Genes showing a significant association to any anthocyanin in correlation analyses were termed ExM (ie expression by metabolite) genes.

Genotypic correlations

To identify polymorphisms in expressed genes that could be explaining variation in anthocyanin content we extracted genotypes from transcriptome data and then used these genotypes to calculate associations between genotype and anthocyanin levels. For genotype scoring we merged the vcf files generated through the nf-core pipeline [65] using the bcftools software v1.12 [81] and the “merge” command. The “filter” command from bcftools was used to filter variants genotyped in all accessions using a minimum quality of 20 and a minimum depth of 4 reads.
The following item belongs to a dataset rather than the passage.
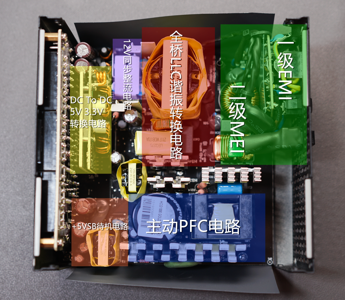 我此前也对其进行了拆解,其采用了主动式PFC+全桥LLC谐振+同步整流+DC to DC架构,全日系电容设计。+12V输出电流最高可达83A,相当于996W功率,+3.3V与+5V则通过DC to DC电路从+12V调压输出,最高输出电流均为25A,两路联合输出的额定功率最高为125W,整体额定功率则为1000W。

We extracted genotypes from the combined vcf file with the Genome Analysis Toolkit (GATK) software v4.2.0.0 [82] using the command “VariantsToTable”. By these means we identified 65,672 biallelic SNPs located in 8,938 genes.
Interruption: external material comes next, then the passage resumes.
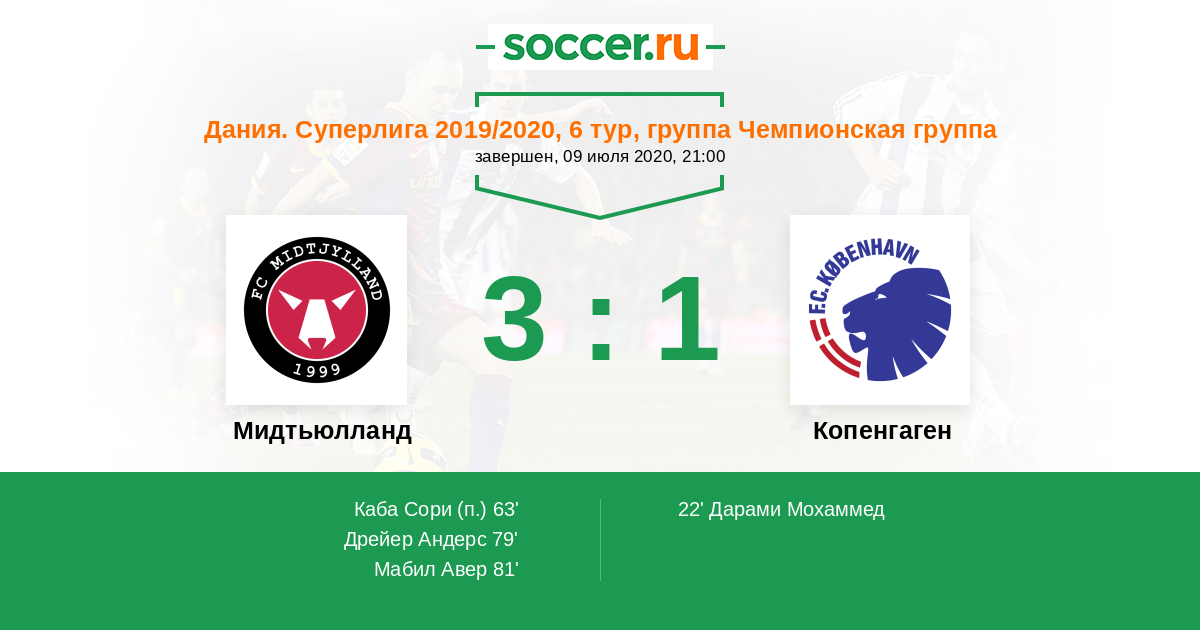 Мидтьюлланд - Копенгаген: обзор матча 9 июля 2020

The TASSEL v5 software [83] was used to calculate associations between genotypes at all biallelic SNPs and the content of five anthocyanins. We used a generalized linear model (GLM) and corrected for population structure with a PCA (covariance method, 5 components). The resulting p-values were corrected by the false discovery rate using the fdr method of the “p.adjust” function from the R software [84]. An association was considered significant if the fdr corrected p-value was lower than 0.1 [85]. We then identified genomic regions associated to a trait (i.e. QTLs) by calculating the sum of significant SNPs in non-overlapping 1 Mb intervals. Intervals containing significant SNPs were considered QTLs. Full results are in S5 Table.
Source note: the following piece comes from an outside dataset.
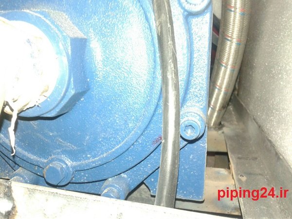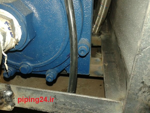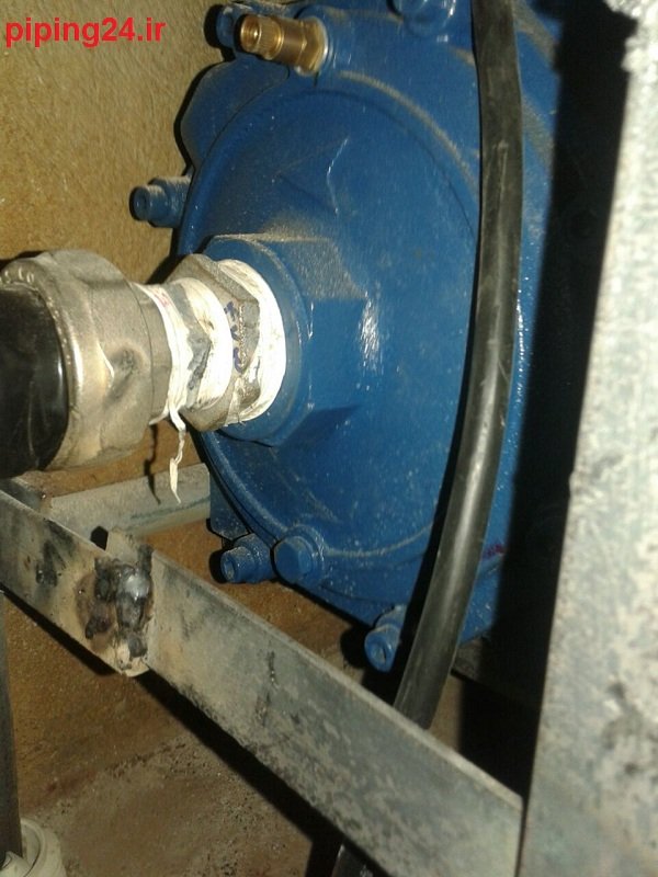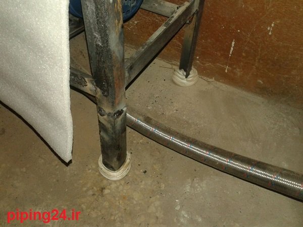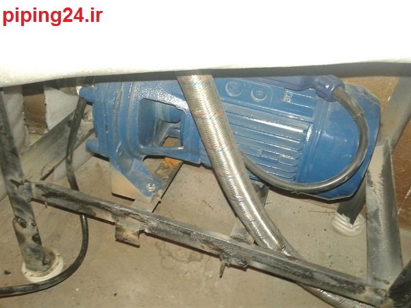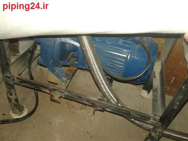 همانگونه که در شکل زیر می بینید شاسی تهیه و با استفاده از پایه های لرزه گیر اماده استقرار شد. ولی به دلیل اینکه لوله کشی پمپ آب خانگی نیاز به تغییراتی جزئی داشت ابتدا پمپ باز و با اتصالات جدید آماده استقرار بر روی شاسی مجهز به لرزه گیر شد.

Gene annotation and enrichment analyses

To identify biological pathways that are overrepresented among genes from DEG and ExM analyses we used the Blastp algorithm from the BLAST v2.12 software [76] to compare the most recent potato proteome from SPUD.DB (High confidence representative gene models) to two annotated proteomes: (1) the Arabidopsis thaliana proteome deposited in the TAIR database and (2) the potato proteome deposited in the Refseq database. Specifically, we assigned the best blastp hit in each of the two databases using a minimum e-value of 10−6. We also conducted gene set enrichment analyses for DEG and ExM gene sets using the “functional annotation clustering” tool at the David server ( We used as “gene lists” the TAIR and Refseq codes assigned to significant genes for each pairwise comparison (DEG genes) and anthocyanin (ExM) genes. We used as “background” the TAIR and Refseq codes assigned to all genes whose expression was evaluated. Terms showing an FDR-corrected p-value lower than 0.1 were considered significant. Annotation results are provided in S6 Table.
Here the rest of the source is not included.